Exercise aim - Please repeat exactly the lines from the one containing "Toast the Sunflower, Pumpkin, and" through the last line of the records, both included, and nothing else, leaving out any pictures.

-- Dataset extract follows --

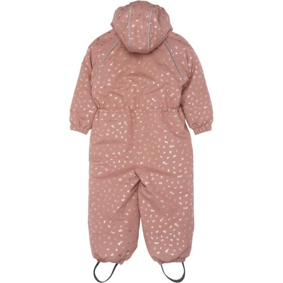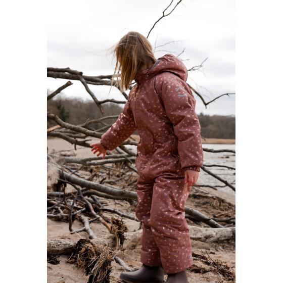 Mikk-line junior flyverdragt med et smukt folieprint og søde flæser på skuldrene. I denne kvalitetsflyverdragt kan barnet nyde udendørsaktiviteter og eventyr, mens det holder sig varmt, tørt og komfortabelt i vådt, blæsende, koldt og snefyldt vintervejr. Denne flyverdragt er lavet af genbrugspolyester og har en fluorfri belægning (BIONIC-FINISH® ECO). Den har polyesterpolstring, og hætten, de indvendige manchetter og overkroppen har blødt fleecefor. Ærmer og ben har et glat, friktionsfrit taffetafor, der er farvet med Solution Dye for at reducere vores forbrug af vand, kemikalier og energi. FANTASTISK OG FUNKTIONELT DESIGN - Farverigt kosmisk AOP (heltryk) med skinnende glitterfinish (vær opmærksom på, at dette kan falme ved hyppig brug). - Sidelommer med lynlåse til opbevaring af små skatte, snacks, handsker osv. - Blidløbende YKK-lynlås med hagebeskyttelse gør det nemt og sikkert at åbne og lukke flyverdragten. - Elastik i manchetter ved hænder og fødder for en behagelig, pålidelig og varm pasform. - Aftagelig hætte med trykknapper, der er nemme at tage af, hvis barnet sidder fast. - Placer de justerbare og slidstærke silikonestropper på foden under gummistøvlerne for at forhindre bukserne i at glide op og holde fødderne tørre. - Justerbar elastik i taljen, så den passer perfekt til barnet. - Navneskilt med plads til mere end ét navn, så lad det blive genbrugt. TEKNISKE FORDELE - Vindtæt og isolerende med fleecefor, der holder barnet varmt og beskyttet mod den kolde vind. - Vandtæt med et vandsøjletryk på 20.000 mm, hvilket kan holde barnet tørt i kraftig regn. - Tapede sømme og lynlåsdækning for yderligere vandtætning. - Åndbarhed på 5.000 g/m2/24 timer for at forhindre sved og holde barnet tørt på indersiden. - Meget slidstærkt og slidstærkt materiale (55.000 gnidninger). - Let at rengøre og smudsafvisende, hvilket forlænger levetiden, før en vask er nødvendig. - Barnet er mere sikkert i mørke takket være 3M refleksdetaljer med langdistancerefleksion. Refleksdetaljerne er placeret strategisk, så barnet er synligt fra alle vinkler. MIKK-LINE BEKYMRER SIG OM BØRNS FREMTID - Yderstoffet er lavet af genbrugspolyester. - Behandlet med BIONIC-FINISH® ECO-belægning, som er biologisk nedbrydelig og fri for PFAS/fluorider. - Certificeret af OEKO-TEX® Standard 100, som garanterer, at produktet er fri for skadelige kemikalier såsom PFAS/fluorider. - Lavet med nikkelfri knapper og lynlåse for at undgå allergier. - OEKO-TEX® Standard 100.- Varenr.
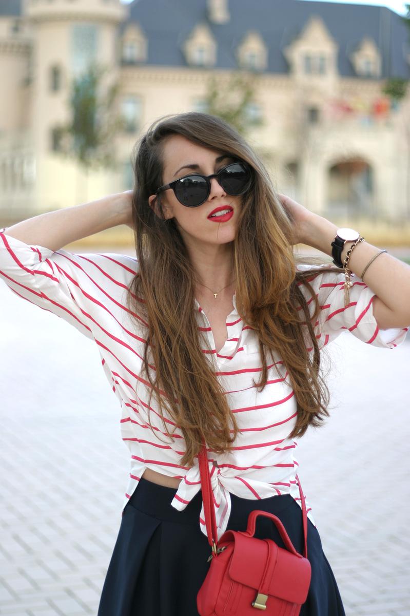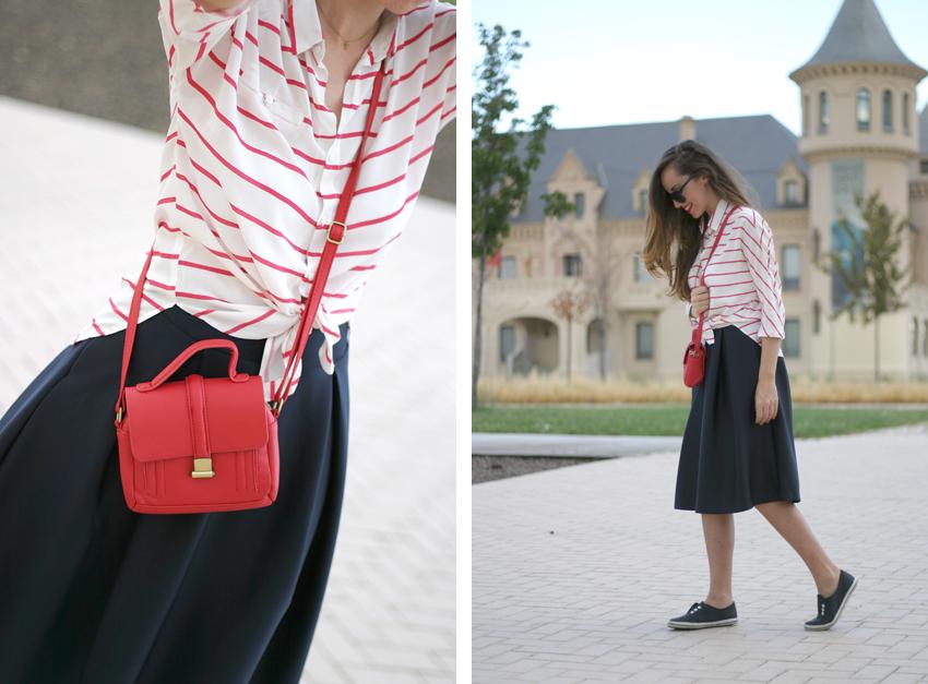Hace poco me llegó esta camisa de rayas rojas, tras barajar varias posibilidades para hacer un outfit con ella decidí combinarla con mi falda midi siempre tan cómoda pero esta vez quería darle un aire distinto añadiendo sneakers al look. Los labios rojos eran indispensables con este outfit. Como detalle anudé la camisa en vez de meterla por dentro.
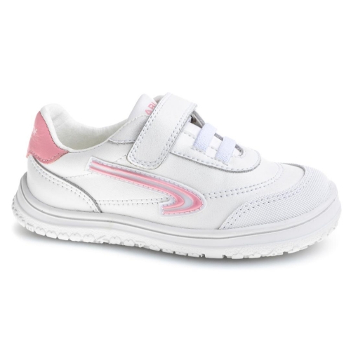 Deportiva barefoot de piel de la marca Pablosky para niña. Fabricada en España con piel de gran calidad con velcros y gomas elásticas. Color blanco y rosa
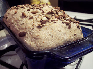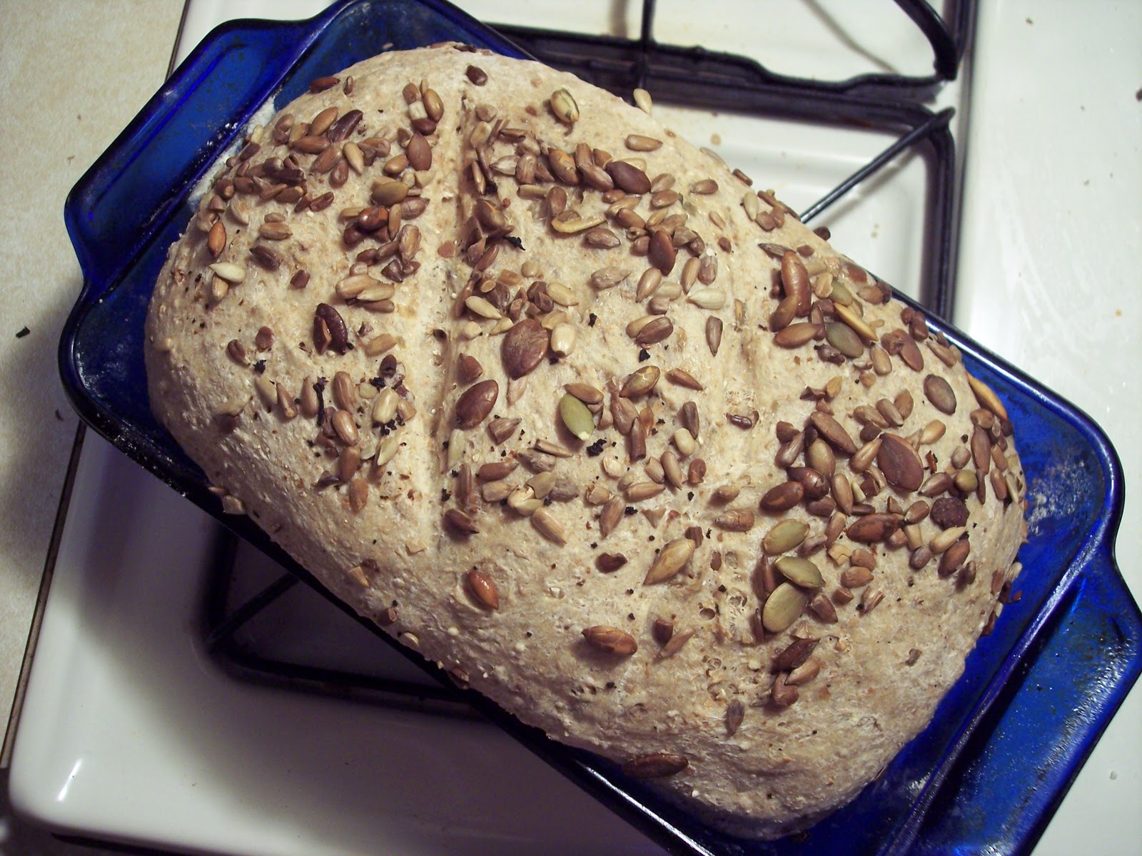 Toast the Sunflower, Pumpkin, and Sesame seeds until golden brown. Meanwhile, combine the sprouted grain paste from the Sprouted Grain step, flour, yeast, and salt in a stand mixer with a dough hook (or by hand, if you’re awesome/crazy). In a liquid measuring cup, measure warm water, and add honey to the warmed water; whisk. Slowly, pour honey water into the flour mixture; mix on low for 2 minutes, or until sticky and combined. Turn off the mixer & cover the bowl with Saran for 20 minutes.
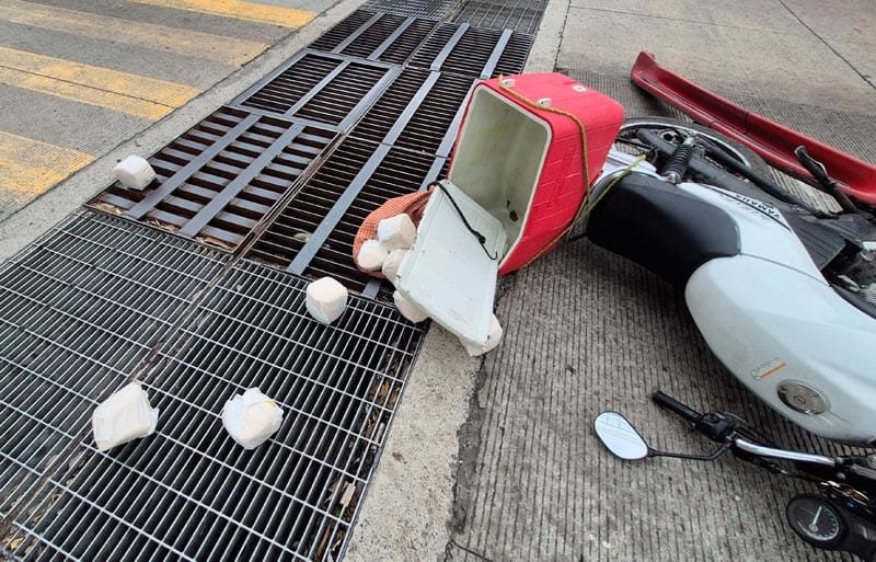 El impacto provocó que tanto el conductor como las tortillas quedaran esparcidos sobre el pavimento.

-- Dataset extract concluded --

Output of the task -
 Toast the Sunflower, Pumpkin, and Sesame seeds until golden brown. Meanwhile, combine the sprouted grain paste from the Sprouted Grain step, flour, yeast, and salt in a stand mixer with a dough hook (or by hand, if you’re awesome/crazy). In a liquid measuring cup, measure warm water, and add honey to the warmed water; whisk. Slowly, pour honey water into the flour mixture; mix on low for 2 minutes, or until sticky and combined. Turn off the mixer & cover the bowl with Saran for 20 minutes.
 El impacto provocó que tanto el conductor como las tortillas quedaran esparcidos sobre el pavimento.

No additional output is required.